Cette approche réduit les effets de bord, limite les blocages accidentels et diminue la tentation de créer des exclusions “en urgence”. Elle explique aussi pourquoi un déploiement global et simultané conduit presque toujours à un accès conditionnel fragile et illisible.

Ce que les personas ne font pas

Les personas ne remplacent ni la gouvernance des droits, ni la gestion des rôles, ni la classification métier. Elles ne disent rien de ce qu’un utilisateur est autorisé à faire.

Elles définissent uniquement dans quelles conditions l’accès est accordé.

Cette séparation est volontaire. L’accès conditionnel décide de l’entrée. Le reste relève d’autres mécanismes.

Le cas particulier des comptes de secours (break-glass)

Le framework traite les comptes de secours comme un cas à part, mais pas au sens d’un ensemble de politiques dédiées.

Dans le Conditional Access Framework v4, les comptes break-glass ne sont pas protégés par des règles spécifiques. Ils sont au contraire explicitement exclus de l’ensemble des politiques d’accès conditionnel. Ce choix est volontaire et assumé : ces comptes existent avant tout pour rester accessibles dans des scénarios de défaillance, y compris lorsque l’accès conditionnel devient lui-même un point de blocage.
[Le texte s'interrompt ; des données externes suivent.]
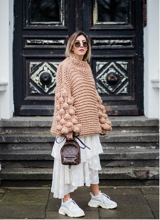 对于比较平常的穿搭,毛衣与半裙的结合,也能塑造这种上暖下冷的穿搭方式。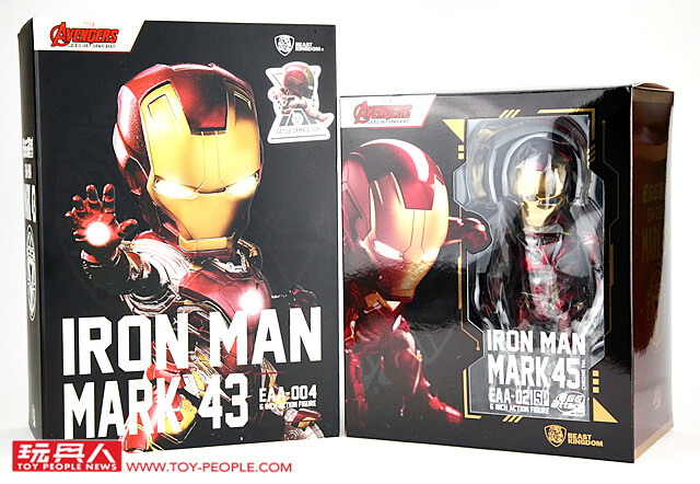 這次的兩款作品都出自於暢銷電影《復仇者聯盟2:奧創紀元》(Avengers: Age of Ultron)中。 鋼鐵人馬克43登場於片頭,復仇者聯盟協力進攻九頭蛇位於東歐國家「蘇科維亞」的最後一個科研基地的場景;而馬克45則是現身於與奧創在「蘇科維亞」的最終決戰中。 這次野獸國特別使用了舊化戰損與電鍍處理的特殊效果,呈現出與一般零售商品截然不同的獨特質感。

Erreur de configuration, déploiement défectueux, panne d’un fournisseur d’identité ou d’un mécanisme d’authentification : dans ces situations, la priorité n’est pas la réduction du risque, mais la capacité à reprendre la main.

Le framework ne cherche donc pas à intégrer les comptes de secours dans les flux classiques de décisions d’accès. Il les isole par exclusion, afin qu’aucune règle globale, administrative ou contextuelle ne puisse les rendre inaccessibles par effet de bord.

Ce point est critique sur le terrain. Mélanger des comptes break-glass avec d’autres personas — même “temporairement” — est l’une des erreurs les plus coûteuses que l’on puisse faire en accès conditionnel.

À noter toutefois : le fait que le framework n’introduise pas de politiques dédiées aux comptes de secours n’empêche pas d’imaginer des évolutions. Dans des environnements matures, le traitement explicite de ces comptes par des règles très ciblées, hors du flux principal, pourrait constituer une amélioration pertinente — à condition de ne jamais compromettre leur fonction première : rester accessibles quand tout le reste échoue.

Conclusion

Le Conditional Access Framework v4 commence par les personas parce que c’est, à mon sens, le seul moyen d’éviter une approche uniforme et inefficace de l’accès conditionnel. En distinguant clairement les profils de risque, le framework permet de construire des politiques compréhensibles, maintenables et cohérentes dans le temps.

Comprendre les personas n’est pas un prérequis théorique.
C’est la condition nécessaire pour que toutes les règles qui suivent aient un sens.

Dans les articles suivants, chaque bloc de politiques sera analysé à travers ce prisme, en commençant par le socle commun qui s’applique à plusieurs de ces personas.